* _WHAT THE TASK ASKS_
Print, exactly as written, every line from the first line of the records below through the line containing "Formidables opportunités de", and nothing further.

(Beginning of PROVIDED DATA)

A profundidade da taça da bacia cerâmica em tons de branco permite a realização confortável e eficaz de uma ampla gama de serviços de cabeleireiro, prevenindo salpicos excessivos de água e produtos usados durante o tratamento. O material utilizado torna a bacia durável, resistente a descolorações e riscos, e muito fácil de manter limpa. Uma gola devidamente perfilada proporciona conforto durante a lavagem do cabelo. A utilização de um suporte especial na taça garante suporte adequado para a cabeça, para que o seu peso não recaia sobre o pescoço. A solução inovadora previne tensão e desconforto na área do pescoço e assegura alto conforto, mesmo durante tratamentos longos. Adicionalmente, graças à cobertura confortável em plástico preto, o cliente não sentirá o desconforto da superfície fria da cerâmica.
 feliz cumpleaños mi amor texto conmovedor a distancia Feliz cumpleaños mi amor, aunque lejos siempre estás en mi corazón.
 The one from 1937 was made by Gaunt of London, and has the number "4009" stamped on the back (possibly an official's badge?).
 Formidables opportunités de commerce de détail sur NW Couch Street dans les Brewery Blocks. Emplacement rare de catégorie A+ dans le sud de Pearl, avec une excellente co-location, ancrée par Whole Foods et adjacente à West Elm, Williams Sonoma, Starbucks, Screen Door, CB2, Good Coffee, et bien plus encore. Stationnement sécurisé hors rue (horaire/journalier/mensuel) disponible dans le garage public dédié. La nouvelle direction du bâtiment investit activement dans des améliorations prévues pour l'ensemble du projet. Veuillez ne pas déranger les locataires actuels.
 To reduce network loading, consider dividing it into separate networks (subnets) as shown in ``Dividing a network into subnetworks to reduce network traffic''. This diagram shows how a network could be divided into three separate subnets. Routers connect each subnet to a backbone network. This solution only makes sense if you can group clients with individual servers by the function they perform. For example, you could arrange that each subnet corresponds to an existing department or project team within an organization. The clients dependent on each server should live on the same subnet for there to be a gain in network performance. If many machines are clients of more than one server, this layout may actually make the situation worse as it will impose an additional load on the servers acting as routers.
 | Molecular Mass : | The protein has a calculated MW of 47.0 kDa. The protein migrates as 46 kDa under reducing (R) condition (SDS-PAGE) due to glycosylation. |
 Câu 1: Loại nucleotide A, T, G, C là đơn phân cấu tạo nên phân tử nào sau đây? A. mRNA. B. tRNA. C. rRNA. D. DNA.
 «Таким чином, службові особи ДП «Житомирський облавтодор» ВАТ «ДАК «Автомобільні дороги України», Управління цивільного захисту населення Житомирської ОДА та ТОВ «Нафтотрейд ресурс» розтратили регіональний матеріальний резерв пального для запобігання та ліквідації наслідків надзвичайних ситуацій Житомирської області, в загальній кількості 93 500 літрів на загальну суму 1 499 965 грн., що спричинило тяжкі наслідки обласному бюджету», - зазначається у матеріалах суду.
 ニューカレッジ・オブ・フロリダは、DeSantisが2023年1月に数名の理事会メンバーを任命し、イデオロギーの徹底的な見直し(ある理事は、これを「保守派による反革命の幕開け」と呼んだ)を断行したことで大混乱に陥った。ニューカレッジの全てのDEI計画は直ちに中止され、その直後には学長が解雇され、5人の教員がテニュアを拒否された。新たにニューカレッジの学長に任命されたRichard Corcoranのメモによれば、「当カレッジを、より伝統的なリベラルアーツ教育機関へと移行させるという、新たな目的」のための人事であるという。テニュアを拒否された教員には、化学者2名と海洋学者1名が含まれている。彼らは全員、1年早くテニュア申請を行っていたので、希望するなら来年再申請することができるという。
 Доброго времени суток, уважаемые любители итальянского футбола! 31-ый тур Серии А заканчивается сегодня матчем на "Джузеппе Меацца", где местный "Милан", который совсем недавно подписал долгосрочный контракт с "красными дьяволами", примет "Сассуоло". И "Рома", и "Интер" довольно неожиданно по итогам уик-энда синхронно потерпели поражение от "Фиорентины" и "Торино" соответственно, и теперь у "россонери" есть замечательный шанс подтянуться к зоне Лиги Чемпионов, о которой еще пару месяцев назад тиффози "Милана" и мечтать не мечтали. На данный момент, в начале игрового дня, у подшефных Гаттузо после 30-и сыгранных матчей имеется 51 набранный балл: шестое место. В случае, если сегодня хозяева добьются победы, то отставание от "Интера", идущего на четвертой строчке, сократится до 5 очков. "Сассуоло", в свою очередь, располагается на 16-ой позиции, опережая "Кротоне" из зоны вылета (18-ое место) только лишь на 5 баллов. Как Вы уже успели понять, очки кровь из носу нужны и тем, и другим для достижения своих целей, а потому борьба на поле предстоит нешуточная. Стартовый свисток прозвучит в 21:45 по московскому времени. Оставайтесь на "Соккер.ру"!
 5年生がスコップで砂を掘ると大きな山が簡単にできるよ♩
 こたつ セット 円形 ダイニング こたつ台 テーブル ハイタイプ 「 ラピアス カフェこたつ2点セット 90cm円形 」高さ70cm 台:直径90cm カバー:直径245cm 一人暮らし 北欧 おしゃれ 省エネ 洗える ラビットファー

(End of PROVIDED DATA)

* _OUTPUT_
A profundidade da taça da bacia cerâmica em tons de branco permite a realização confortável e eficaz de uma ampla gama de serviços de cabeleireiro, prevenindo salpicos excessivos de água e produtos usados durante o tratamento. O material utilizado torna a bacia durável, resistente a descolorações e riscos, e muito fácil de manter limpa. Uma gola devidamente perfilada proporciona conforto durante a lavagem do cabelo. A utilização de um suporte especial na taça garante suporte adequado para a cabeça, para que o seu peso não recaia sobre o pescoço. A solução inovadora previne tensão e desconforto na área do pescoço e assegura alto conforto, mesmo durante tratamentos longos. Adicionalmente, graças à cobertura confortável em plástico preto, o cliente não sentirá o desconforto da superfície fria da cerâmica.
 feliz cumpleaños mi amor texto conmovedor a distancia Feliz cumpleaños mi amor, aunque lejos siempre estás en mi corazón.
 The one from 1937 was made by Gaunt of London, and has the number "4009" stamped on the back (possibly an official's badge?).
 Formidables opportunités de commerce de détail sur NW Couch Street dans les Brewery Blocks. Emplacement rare de catégorie A+ dans le sud de Pearl, avec une excellente co-location, ancrée par Whole Foods et adjacente à West Elm, Williams Sonoma, Starbucks, Screen Door, CB2, Good Coffee, et bien plus encore. Stationnement sécurisé hors rue (horaire/journalier/mensuel) disponible dans le garage public dédié. La nouvelle direction du bâtiment investit activement dans des améliorations prévues pour l'ensemble du projet. Veuillez ne pas déranger les locataires actuels.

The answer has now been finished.